Black cohosh has also been found to cause liver damage in some people.

4. Goldenseal

Goldenseal is a plant that’s used as a dietary supplement to treat respiratory infections and diarrhea, although there’s very little research on its effects and safety.

Goldenseal contains a substance called berberine, which has been shown to worsen jaundice in infants. It can lead to a condition called kernicterus, a rare type of brain damage that can be fatal.

For these reasons, pregnant women should avoid goldenseal.

5. Dong quai

Dong quai is a root that has been used for over 1,000 years and is popular in Chinese medicine.

Though it’s used to treat everything from menstrual cramps to high blood pressure, evidence regarding its efficacy and safety is lacking.

Pregnant women should avoid dong quai, as it may stimulate uterine contractions, raising the risk of miscarriage.

6. Yohimbe

Yohimbe is a supplement made from the bark of a tree native to Africa.

It’s used as an herbal remedy to treat a range of conditions from erectile dysfunction to obesity.
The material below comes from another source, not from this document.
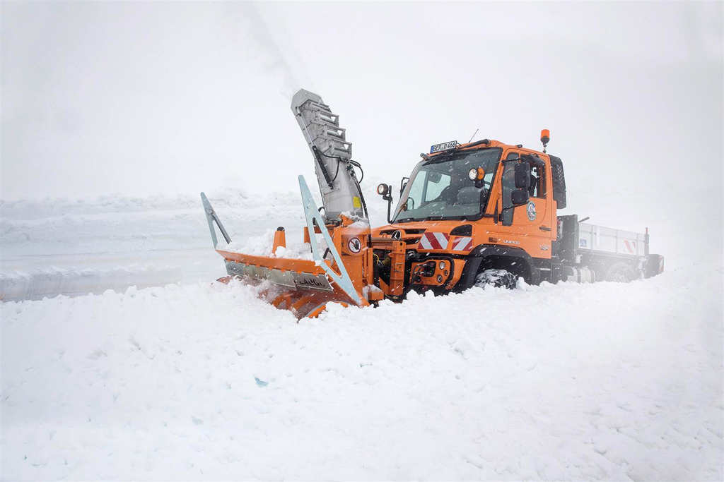 Kombiniert mit der Schneefräse SF 90-100 des schweizerischen Herstellers Zaugg ermöglichte der Unimog Geräteträger – so die Bezeichnung der Baureihe für kommunale Einsätze – den planmäßigen Durchstich auf der Passstraße am 29. April. Für die Schneeräumung mit einer Fräse notwendige, extrem niedrige Arbeitsgeschwindigkeit ist der Profi-Geräteträger mit „hydrostatischem Antrieb“ ausgestattet. Er überträgt die Leistung mittels eines stufenlos regelbaren Hydrauliksystems. Außerdem hat der Unimog am Heck einen schwenkbaren Ballast, um das hohe Gewicht der Fräse von 1,8 t auszugleichen. So ausgerüstet arbeitete sich das kompakte Kraftpaket durch meterhohe Eis- und Schneeschichten nach oben. Am „Hochtor“, dem Punkt des Durchstichs, galt es, eine drei Meter hohe Schneeschicht zu beseitigen, und das bei wildem Schneegestöber. Die Schneewände entlang der knapp 48 km langen Strecke sind bis zu acht Meter hoch.

This herb should never be used during pregnancy, as it has been associated with dangerous side effects like high blood pressure, heart attacks, and seizures.

7. Other herbal supplements considered unsafe during pregnancy:
  • saw palmetto
  • tansy
  • red clover
  • angelica
  • yarrow
  • wormwood
  • blue cohosh
  • pennyroyal
  • ephedra
  • mugwort
The bottom line

Pregnancy is a time of growth and development, making health and nutrition a top priority.

While some supplements can be helpful during pregnancy, many can cause dangerous side effects in both pregnant women and their babies.

Importantly, while supplementing with certain vitamins and minerals may help fill nutritional gaps, supplements are not meant to replace a healthy diet and lifestyle.

Nourishing your body with nutrient-dense foods, as well as getting enough exercise and sleep and minimizing stress, is the best way to ensure a healthy pregnancy for you and your baby.

Although supplements can be necessary and helpful in certain circumstances, always check with your doctor regarding doses, safety, and potential risks and benefits.